彼女によると、この前ここのチケットを渡したのは彼女らしい。
本物は監禁してはいるものの丁重に匿っているとか。
「それにしても、礼志がいる教室でよく演技ができたものだ」
「礼志?誰」
「ヘルメスの魂は魔王の力に浸して変性してあるからな」
「ならば、酒を振る舞おう」
俺は天羽々斬を抜き出すと、彼らに向けて一振りした。すると、莫大な量の酒が奔流となって彼らを飲み込み、お化け屋敷の外まで流されたようだ。
八岐大蛇討伐を起源とした能力のため、一日八回しか使えないがそれだけあれば十分な量だ。
結局彼らはべろんべろんに酔った上に、血まみれのヤマモトを見た彼女のご両親が三人をタコ殴りにし、あまりの無双っぷりに騎士団が止めに入るという一幕で幕を閉じたのだった。
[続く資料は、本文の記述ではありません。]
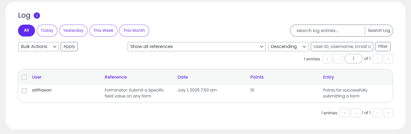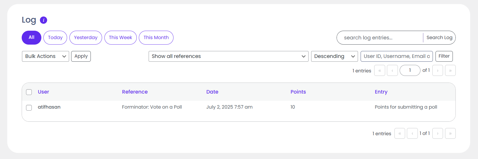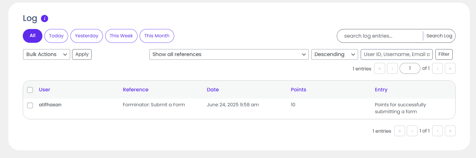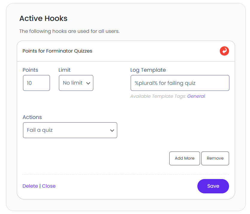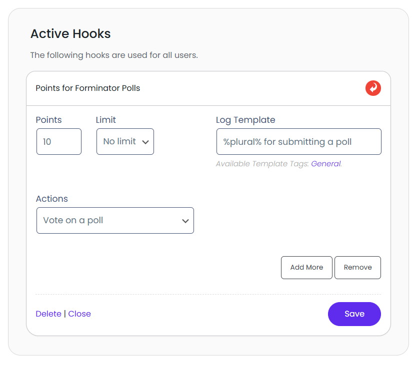 Log: Each time a hook awards or deducts points from your users, a log entry of this event is saved to your log. What is saved to the log is determined by the log template.
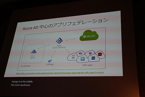 レベル1はアプリケーションの認証だ。Office 365を導入すると自動的にAzure AD(Azure Active Directoryが構築される。Azureやその他のSaaSアプリはAzure ADとの連携が基本だという。これによって、クラウドアプリとのシンプルな連携や、安全なアクセス、IDプロバイダーのメンテナンス削減が実現できる。
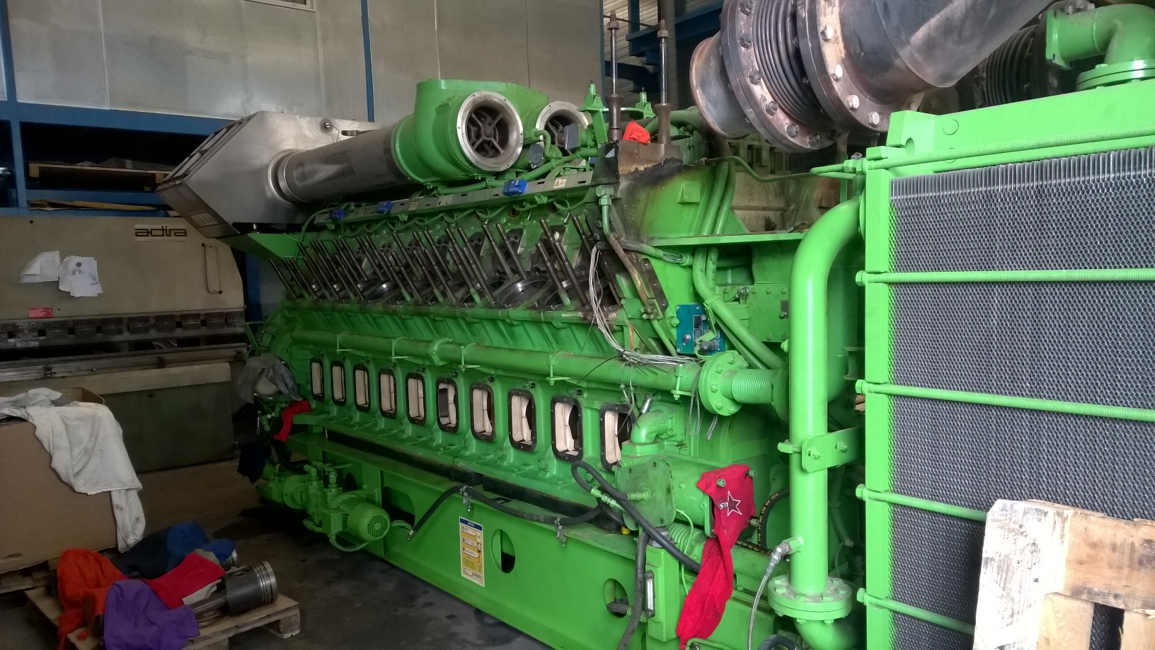 Revisie gasmotor Jenbacher 620, 3 MWE, totale cilinderinhoud 124,75 liter, bore x stroke 190x220 mm.
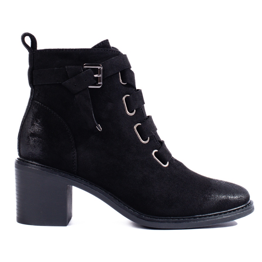 Classic, e ao mesmo tempo com uma botas pretas de garra no poste, é essencial para a temporada de outono/inverno. Feito de camurça ecológica suave, com isolamento e "cobertor de calçados", eles oferecem conforto térmico durante os dias mais frios. Um post estável de 6 cm de altura adiciona uma aparência feminina, não cansando os pés.
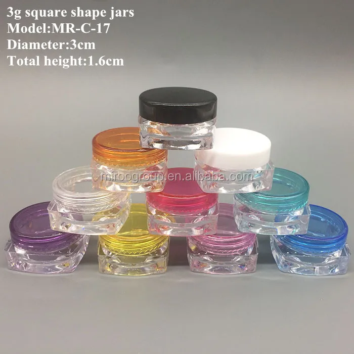 3g Square Base Plastic Sample Mini Bottle Jars Cosmetic Empty Makeup
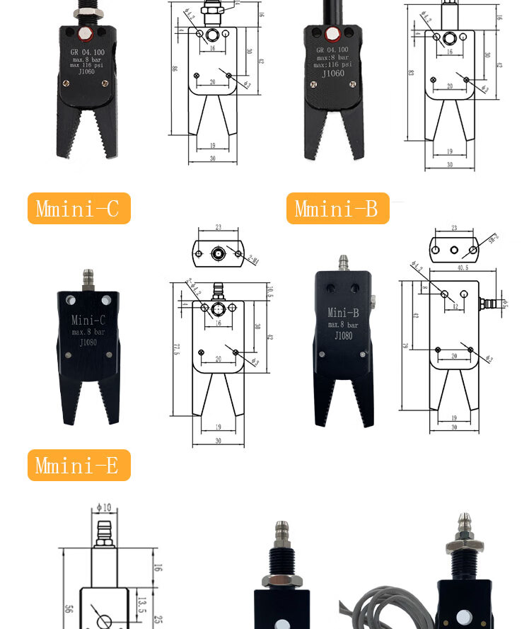 Robot clamp accessories MINI external tooth clamp injection molding machine mini ABCE pneumatic nozzle clamp J10601080 clamp silicone sleeve A/B/C style
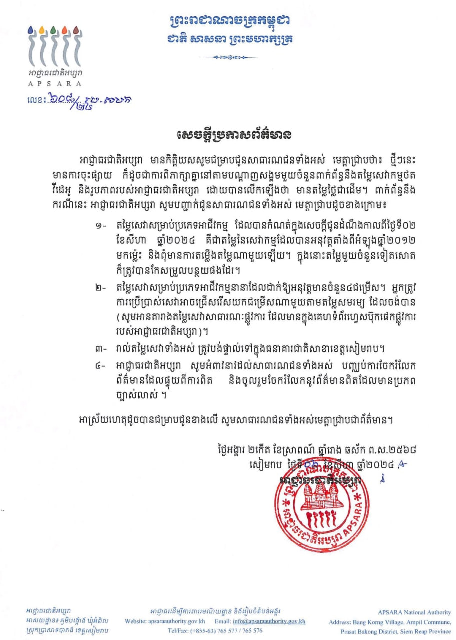 តាមលិខិតបកស្រាយបំភ្លឺរបស់អាជ្ញាធរជាតិអប្សរាបានឱ្យដឹងថា ថ្មីៗនេះ មានការចុះផ្សាយ ក៏ដូចជាការពិភាក្សាគ្នានៅតាមបណ្តាញសង្គមមួយចំនួនពាក់ព័ន្ធនឹងតម្លៃសេវាកម្មថត វីដេអូ និងរូបភាពរបស់អាជ្ញាធរជាតិអប្សរា ដោយបានលើកឡើងថា មានតម្លៃថ្លៃជាដើម។ ពាក់ព័ន្ធនឹង ករណីនេះ អាជ្ញាធរជាតិអប្សរា សូមបញ្ជាក់ជូនសាធារណជនទាំងអស់ មេត្តាជ្រាបដូចខាងក្រោម៖
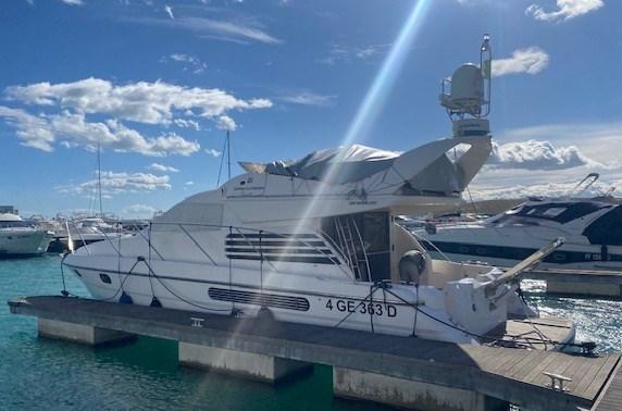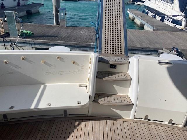 Alarme gaz, Alarme moteur, Alarme de pompe de cale, Eau sous pression, Douche de cockpit, Flaps électriques, Extincteur(s) fixe(s), Éclairage de courtoisie, Spots sous-marins, Passerelle, Plateforme arrière, Pompe de cale automatique, Pompe de cale manuelle, Cockpit en teck, Prise de quai, Onduleur, Rollbar, Guindeau électrique, Echelle de bain, Corne.

当初、俺に殺意が向かったときはどうしたものかと思ったが、フィオナの説明で事なきを得るとはな。
魔王に感謝する日が来るとは思わなかったよ。
ヤマモトは病院で輸血をして回復。
三人は騎士団に病院に連れて行かれ、けがが回復次第逮捕されると言う。
で、本物のイヴォンヌはと言えば。
「ロン!四暗刻。ドラ2ね」
「イヴォンヌ。助けに来たんだが」
「あー、ごめん。今いいとこだから、ちょっと待ってて」
奴らのアジトで麻雀してた。何やってんだよ、お前。